Egypt is trying to address its economic imbalances more positively but that leaves much riding on the enactment of stringent IMF-backed reforms centred on full liberalisation of the exchange rate and reducing the State’s role in the economy. Swift progress is essential to restoring international capital market access but is proving hard to accomplish, hence the delay of the IMF’s first review of the programme.
Figure 1: External financing needs are large relative to gross international reserves
% of gross international reserves (LHS), % of GDP (RHS)
Both countries have significant external financing requirements, but Turkey’s current policy mix is riskier than Egypt’s in the longer term. Turkey’s external financing needs (Figure 1) are estimated at USD 230bn in 2023, equivalent to around 25% of GDP, against Egypt’s more modest USD 23bn or about 6% of GDP (including IMF repayments but excluding short-term deposits from Gulf Cooperation Council members). This difference reflects the size of current-account deficits and the structure of external debt. Turkey’s external debt is primarily issued by the private sector, equivalent to 52% of the aggregate external debt, compared with around 20% for Egypt.
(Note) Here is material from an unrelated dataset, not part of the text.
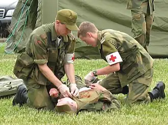The 1864 Geneva Convention establishes that a distinctive emblem should be worn by medical personnel on the field of battle as an indication of their humanitarian mission and their non-combatant status.[3] At that time, the chosen symbol was a red cross on a white background. Muslim nations have objected to this symbol due to its resemblance to the Christian cross. As early as 1876, the Ottoman Empire introduced the Red Crescent as an alternative, less Christian emblem. Additional emblems have been proposed, including the red lion and sun of Persia,[4] the double emblem (both the red cross and red crescent together) by the Red Cross Society of Eritrea, and the red Star of David by Magen David Adom of Israel.
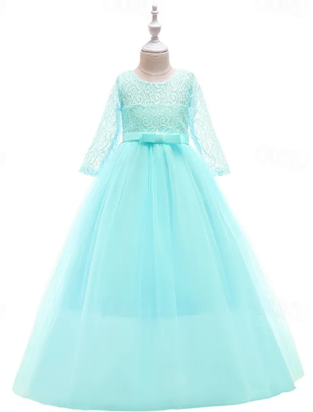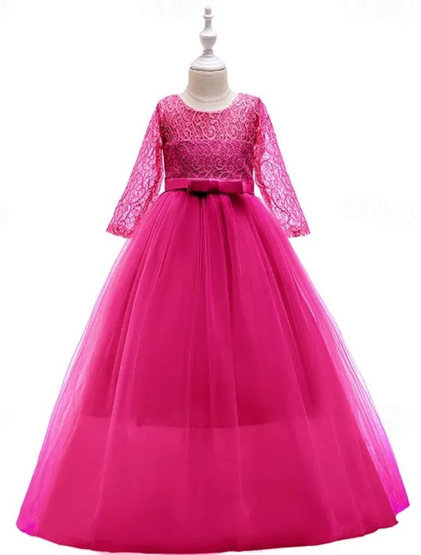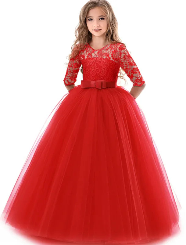 – High-waisted and floor-length with cute half sleeves and a bow-knot decor at the waist

In Turkey, years of unconventional monetary policies have left the government dependent on domestic banks for funding in domestic and in foreign currency as foreign investors have exited domestic capital markets. Yields on 10-year lira bonds have fallen to around 12-13% from the more than 25% a year ago as new central-bank regulations have pressed domestic banks to buy more government bonds. Foreign investors’ ownership of Turkish government domestic debt fell to just 0.7% of the outstanding in February 2023 from 19.4% in 2017.
Turkish banks have managed to secure foreign financing and roll over most external debt, even during the 2018 lira crisis. The roll-over ratio has been below 100% since mid-2021. Refinancing risks have grown as banks’ access to hard currency increasingly relies on the central bank due to currency swap agreements, increasing uncertainty in times of market volatility.
Unwinding this closer relationship between sovereign and banking-system creditworthiness will be hard as any gradual normalisation in monetary policy could see sizeable losses in bank portfolios.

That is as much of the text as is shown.